AVs will be able to communicate instant messages with one another to increase efficiency. For instance, if an AV is experiencing issues or needs to get ahead on the road, it can signal its needs or intentions, or a warning to other AVs. With the efficient AVs, fewer people will drive and buy cars. A lot of parking garages and spaces will fall out of use, freeing up huge amounts of space, and the reduced traffic congestion will decrease air pollution and consumption of fossil fuels.
Concerning approval of AVs by the governments, it is possible only when AVs are deemed “safer than people.” Several ethical issues arise, such as the concept of entrusting human lives into the hands of AI or the dilemma of “the trolley problem.” And if an accident occurs and includes a fatality, what is the judicial process going to be like?
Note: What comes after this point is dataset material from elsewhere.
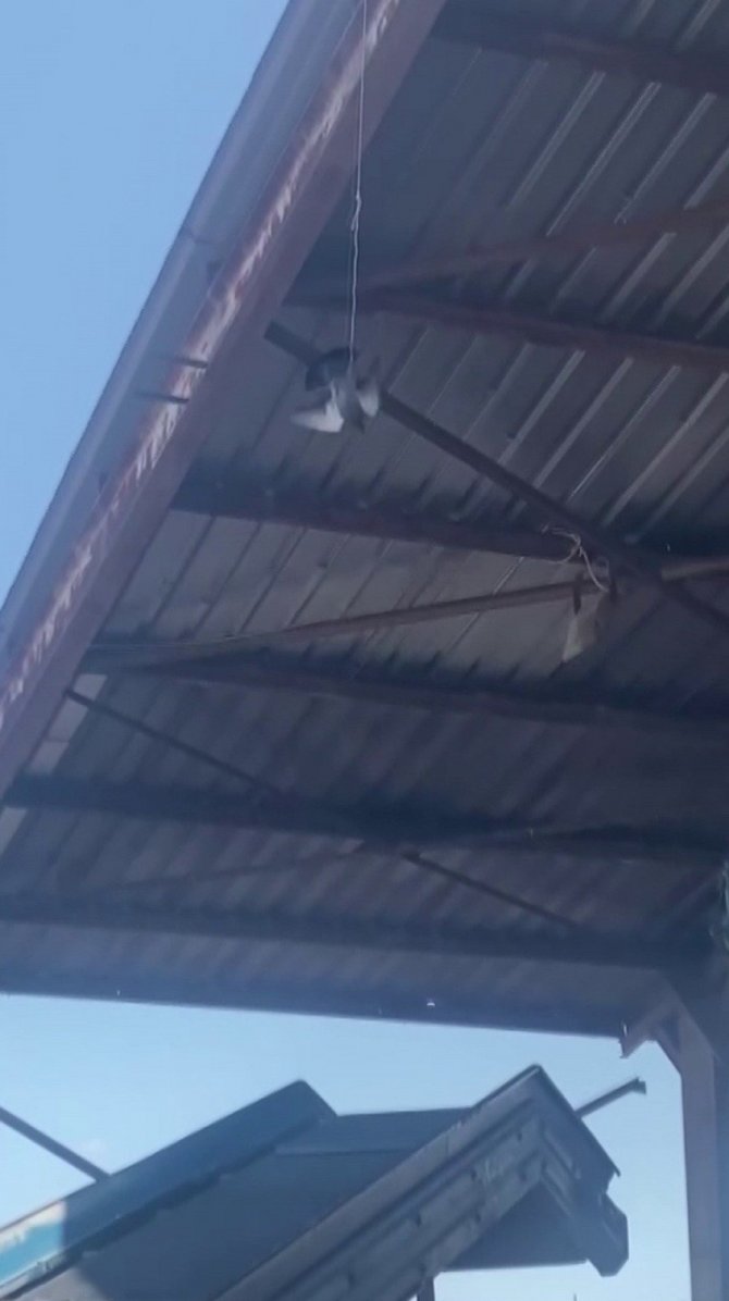 Sivas'ta ayağı ipe dolanarak çatıda asılı kalan güvercini çevredeki esnaf kurtardı, o anlar cep telefonu kamerasına yansıdı.

Who is going to be held accountable: car manufacturer, AI algorithm provider, or the engineer?
Widespread introduction of AVs will also raise the issue of employment. Millions of people now work as drivers, at gas stations and car dealership, parking garages, and AVs will put most of them out of work. Mechanical repairs will be far less demanded than software expertise, also affecting the employment rate.
There are problems that can potentially confuse the AI, such as natural disasters or acts of terrorism. For such cases, expert human drivers can take over from a tele-operations center, using high-fidelity video with minimal latency. The transmission of it would require a bandwidth of 6G, which is set to be available by about 2030.
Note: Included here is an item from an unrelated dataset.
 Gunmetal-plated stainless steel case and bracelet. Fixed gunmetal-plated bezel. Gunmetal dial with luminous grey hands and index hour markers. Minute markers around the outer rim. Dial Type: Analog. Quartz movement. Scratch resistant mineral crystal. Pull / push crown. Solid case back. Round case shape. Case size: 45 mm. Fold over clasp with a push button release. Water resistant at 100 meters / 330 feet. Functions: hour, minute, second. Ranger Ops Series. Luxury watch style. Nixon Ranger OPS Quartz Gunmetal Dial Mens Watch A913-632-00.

Plus, there is the danger of sensationalism. Every error by AVs or accidents including them are extensively reported in the media, and while such attention is justified, it can potentially create an environment of mistrust and hostility toward the technology, which would impede its progress. A lot depends on the way the technology is introduced. Currently, there are two approaches: the Waymo way, which is to collect data slowly in safe environments and avoid fatalities before launching AV, and the Tesla way, which is to launch the product as soon as the AI is reasonably safe, knowing that in time the system will save many lives, although some may be lost in the beginning.
The development of L5 can be accelerated with removal of one assumption: that L5 will be functioning in the cities the way we have them now. The future city can be imagined as having separate layers for cars and pedestrians, with wireless communication between the road and the AVs, and the AVs on such augmented roads operating as trains on “virtual” rails.
The L5 technologies will mature through application of L0-L4 technologies over the years, continuous data collection, and iterative improvement. We have already started using autonomous mobile robots, and autonomous transport trucks can be next, and afterwards, we may have the 2041-and-beyond future with Level 5 AVs.